Après une absence de deux décennies, le Gabon a procédé au lancement officiel de son Rapport national sur le développement humain (RNDH 2026) ce vendredi 3 juillet à Libreville. Ce document structurant, élaboré conjointement par le ministère de la Planification et de la Prospective et le Programme des Nations unies pour le développement (PNUD), propose un état des lieux exhaustif du pays. Il s’inscrit dans un contexte où les autorités de transition s’efforcent de définir une nouvelle voie vers une croissance véritablement inclusive, en plaçant la jeunesse, l’employabilité et l’entrepreneuriat au cœur de leurs préoccupations.
Le RNDH met en lumière une réalité contrastée : alors que l’indice de développement humain (IDH) gabonais a enregistré une progression notable de 46 % sur la période étudiée, stimulée par des avancées en matière de scolarisation, d’espérance de vie et d’accès aux services sociaux fondamentaux, le revenu national brut par habitant a simultanément chuté de 31 %. Cette divergence marque une déconnexion frappante entre les progrès sociaux agrégés et la situation économique concrète vécue par les ménages gabonais.
Un modèle de développement gabonais en question
Cette disparité statistique interpelle particulièrement pour un pays classé parmi les économies à revenu intermédiaire de la tranche supérieure, longtemps perçu comme singulier en Afrique centrale en raison de sa faible densité démographique et de sa richesse pétrolière. Le rapport suggère que les bénéfices des périodes de croissance antérieures n’ont pas été équitablement redistribués, et que la forte dépendance aux hydrocarbures a fragilisé la capacité de l’économie à générer des revenus durables pour une population en constante augmentation. La problématique du partage de la valeur créée devient ainsi un enjeu central.

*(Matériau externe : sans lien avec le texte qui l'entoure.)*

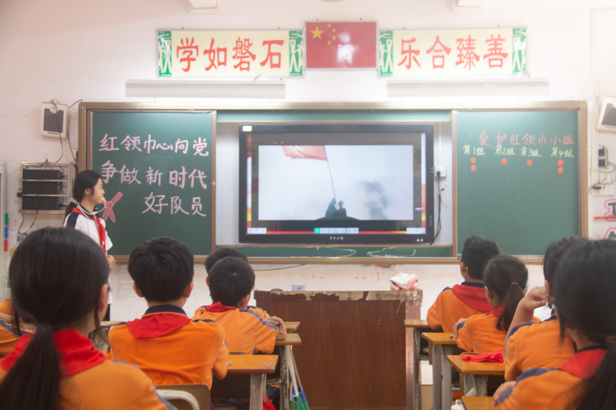 当天下午,实践团的志愿者们开设了《红领巾心向党,争做新时代好队员》主题班会。志愿者带领学生们通过歌唱红领巾、认识红领巾、致敬红领巾、爱护红领巾和逐梦红领巾等形式,引导马岗小学的学生争做新时代好队员,为红领巾增光添彩。
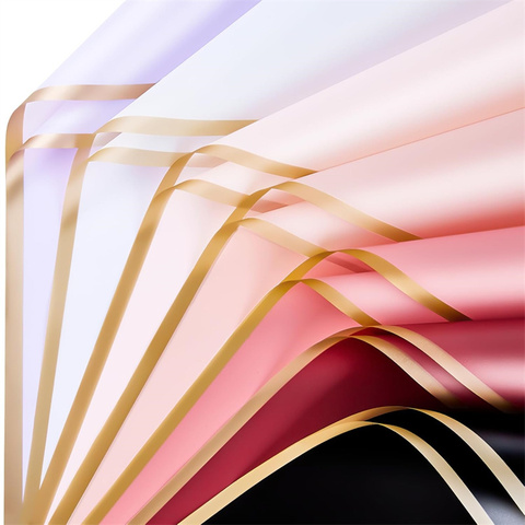 Vente en gros de cadre étanche en plastique à bords dorés papier d'emballage enduit pour bouquet de fleurs personnalisé pour emballage cadeau

L’analyse croisée de ces indicateurs révèle également les limites d’un modèle rentier parvenu à maturité. Si les avancées sociales, notamment dans les secteurs de la santé et de l’éducation, ont été consolidées au fil des décennies grâce à un investissement public soutenu, la productivité, la diversification économique et la création de richesses dans le secteur privé peinent à suivre le rythme. La conséquence directe est une érosion du pouvoir d’achat réel, malgré une amélioration apparente des indicateurs de bien-être humain sur le papier.
La jeunesse et l’employabilité, piliers d’une nouvelle stratégie
Le choix thématique du rapport n’est pas anodin. La jeunesse gabonaise, majoritairement urbaine et éduquée, est confrontée à un chômage structurel persistant, que les précédentes stratégies de développement n’ont pas réussi à résorber. Le RNDH souligne l’impératif de repenser l’articulation entre le système éducatif, le marché du travail et le tissu entrepreneurial. Une attention particulière est portée aux métiers d’avenir, à la formation technique et à l’accompagnement des initiatives entrepreneuriales. L’employabilité s’affirme comme un facteur essentiel de stabilité sociale et de dynamisme économique.
Le document préconise un renforcement des dispositifs de financement dédiés aux petites et moyennes entreprises, ainsi qu’une meilleure synergie entre les programmes publics d’aide à l’entrepreneuriat. Il met également en évidence les lacunes en matière d’infrastructures numériques et de compétences techniques, qui freinent l’insertion professionnelle des jeunes diplômés. Ces conclusions offrent aux autorités de la transition une base solide et documentée pour orienter leurs décisions budgétaires et leurs réformes en cours.
Un référentiel stratégique pour la transition gabonaise
Le retour de ce rapport, après deux décennies d’interruption, marque une évolution significative dans l’approche méthodologique du développement au Gabon. Le PNUD, qui apporte son soutien technique à cette initiative, y voit une opportunité de réorienter les politiques publiques vers une vision multidimensionnelle du développement, au-delà des seuls indicateurs macroéconomiques. Pour le gouvernement de Libreville, cet exercice constitue un référentiel commun précieux pour les ministères sectoriels, les partenaires techniques et financiers, et l’ensemble des acteurs de la société civile.
Cependant, le défi majeur réside désormais dans la concrétisation des recommandations. Un diagnostic aussi robuste ne prend tout son sens que par les actions qu’il inspire. À court terme, les autorités gabonaises devront transformer les préconisations du RNDH 2026 en réformes tangibles, notamment dans les domaines de la formation professionnelle, du financement de l’économie et de la gouvernance des ressources naturelles. La crédibilité de la transition politique en dépendra, d’autant plus que les attentes de la population en matière d’emploi et de pouvoir d’achat demeurent particulièrement élevées.